Atenção que a estação de Vila Real que nao tinha chegado aos 40ºC, é a que está a marcar 40ºC na última actualização, e não a dos 41.8ºC. Se bem que também pode ser recorde nessa.


----------



## StormRic (14 Jul 2022 às 16:23)

Primeira célula forte a formar-se no fluxo que vem de Espanha, de ESE:

Passou perto de Almendra e vai rasar Vila Nova de Foz Côa. Pelo eco do radar deve, infelizmente, trazer granizo.










Repare-se na longa pluma de fumo do incêndio de Mangualde.


----------



## Nickname (14 Jul 2022 às 16:28)

Mais um dia de visibilidade reduzida e cheiro a fumo, que se começa a sentir precisamente à mesma hora de ontem, a temperatura já caiu bem, para os *36.2ºC*.
Vista para a zona de Mangualde:




E Seia:


----------



## StormRic (14 Jul 2022 às 16:30)

Descargas Nuvem-solo perigosas sobre o vale do Tua:


----------



## StormRic (14 Jul 2022 às 16:41)

Está a cair boa chuva, como se vê na Webcam de Mogadouro:


----------



## LMMS (14 Jul 2022 às 16:46)

Aqui se vê o efeito da entrada da trovoada no vento e temperatura, vamos ver o que vai fazer no Gerês.


----------



## StormRic (14 Jul 2022 às 16:54)

Células com descargas Nuvem-solo a caminho do Gerês:






Provável queda de granizo em Ribeira de Pena:









E em Foz Côa:


----------



## Jorge_scp (14 Jul 2022 às 16:55)

47ºC em Pinhão, vamos ver se fica por aqui... ainda vão ser as trovoadas a salvar o record nacional


----------



## Pek (14 Jul 2022 às 17:02)

Jorge_scp disse:


> 47ºC em Pinhão, vamos ver se fica por aqui... ainda vão ser as trovoadas a salvar o record nacional



Registo brutal.


----------



## Snifa (14 Jul 2022 às 17:05)

Jorge_scp disse:


> 47ºC em Pinhão



Valor impressionante, penso que, mesmo que não haja trovoada, a própria nebulosidade que deve estar na zona do Pinhão (?) deverá impedir uma subida maior e que poderia,  eventualmente, quebrar o record nacional, mas  vamos ver.. 
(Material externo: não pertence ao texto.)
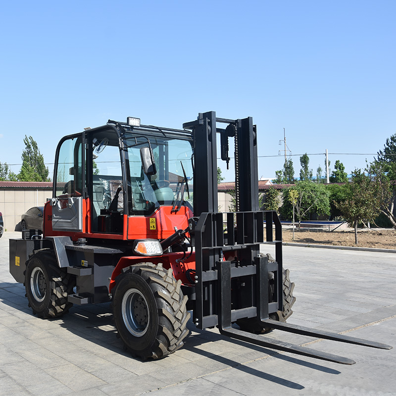 l A construction vehicle capable of handling, stacking and handling on slopes and uneven surfaces

Faltam estações oficiais noutros locais de grande potencial em Trás-os-Montes: Pocinho, Barca de Alva, Vale da Vilariça, Vale do Sabor ( Ponte Remondes). Nem quero imaginar o bafo que deve estar nesses locais


----------



## Dan (14 Jul 2022 às 17:07)

Céu nublado, 38,2ºC, 14% de Hr e uns pingos.


----------



## Cadito (14 Jul 2022 às 17:08)

Jorge_scp disse:


> 47ºC em Pinhão, vamos ver se fica por aqui... ainda vão ser as trovoadas a salvar o record nacional


Onde estás a ver a temperatura, Jorge?


----------



## StormRic (14 Jul 2022 às 17:11)

Webcam de Mirandela, vista sueste, células em aproximação dessa direcção:


----------



## guisilva5000 (14 Jul 2022 às 17:16)

Jorge_scp disse:


> 47ºC em Pinhão, vamos ver se fica por aqui... ainda vão ser as trovoadas a salvar o record nacional


Bem que potência


----------



## N_Fig (14 Jul 2022 às 17:38)

Cadito disse:


> Onde estás a ver a temperatura, Jorge?


Ele trabalha no IPMA, tem acesso a esses dados quase em tempo real


----------



## StormRic (14 Jul 2022 às 17:39)

Incêndio em Sambade possivelmente originado numa destas descargas Nuvem-solo:


----------



## StormRic (14 Jul 2022 às 17:46)

Células a virar a trajectória para NO/NNO.
A entrarem no Gerês oriental, Cabreira, Larouco, mas a não chegarem provavelmente à zona do incêndio de Cidadelhe, na encosta NO da Amarela. 
Vê-se o pequeno eco do topo da pluma de fumo, no canto superior esquerdo da imagem.


----------



## StormRic (14 Jul 2022 às 17:53)

DEA's perigosas no Gerês (Pitões das Júnias):






Se ao menos vier a chuva atrás...


----------



## StormRic (14 Jul 2022 às 18:06)

Provável granizo em Pitões, isto não era, mesmo, preciso.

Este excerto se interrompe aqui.